John R. Heaton, who lived in Paris, also competed in 1948, when he again finished as runner- up. After six runs, he was 1.4 seconds behind Nino Bibbia (born 15 March 1922), who won Italy’s first gold medal at the Olympic Winter Games, but was considered a local. Born in the nearby province of Sondrio, he had grown up in St. Moritz, where his father ran a greengrocer’s shop, and his best friend was Edy Reinalter, the 1948 Olympic slalom champion. Having originally been selected only as a bob pilot, the multi-talented sportsman – he also played in the top division of the Swiss ice hockey league for EHC St.
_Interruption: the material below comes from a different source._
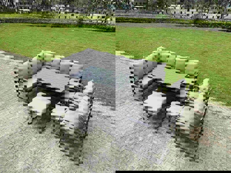 Designed for relaxed outdoor living, this aluminium adjustable rising sofa dining set brings flexible seating and dining to your patio or garden. The adjustable table transitions smoothly between coffee and dining height, making it easy to switch from casual drinks to meals without changing your layout.

Moritz, for example – raced face down along the Cresta Run for the first time in December 1947. He went so fast that he was called up for the skeleton competition.
Sandwiched between a sixth-place finish in the two-man bob and eighth place in the four-man event, Bibbia won gold in the skeleton competition. He achieved 231 victories in his career. He was the master of this terrifying course for three decades and did not hang up his old toboggan until the year 2000! “There were always two inches between my outer runner and the track wall”, he says. To commemorate the SMTC’s two Olympic champions, a Nino Bibbia Challenge Cup and a Heaton Gold Cup are held in St. Moritz each year. In 2006, Bibbia was invited to the Olympic Winter Games as a guest of honour. Turn 10 of the Olympic track in Cesana Pariol is named after him.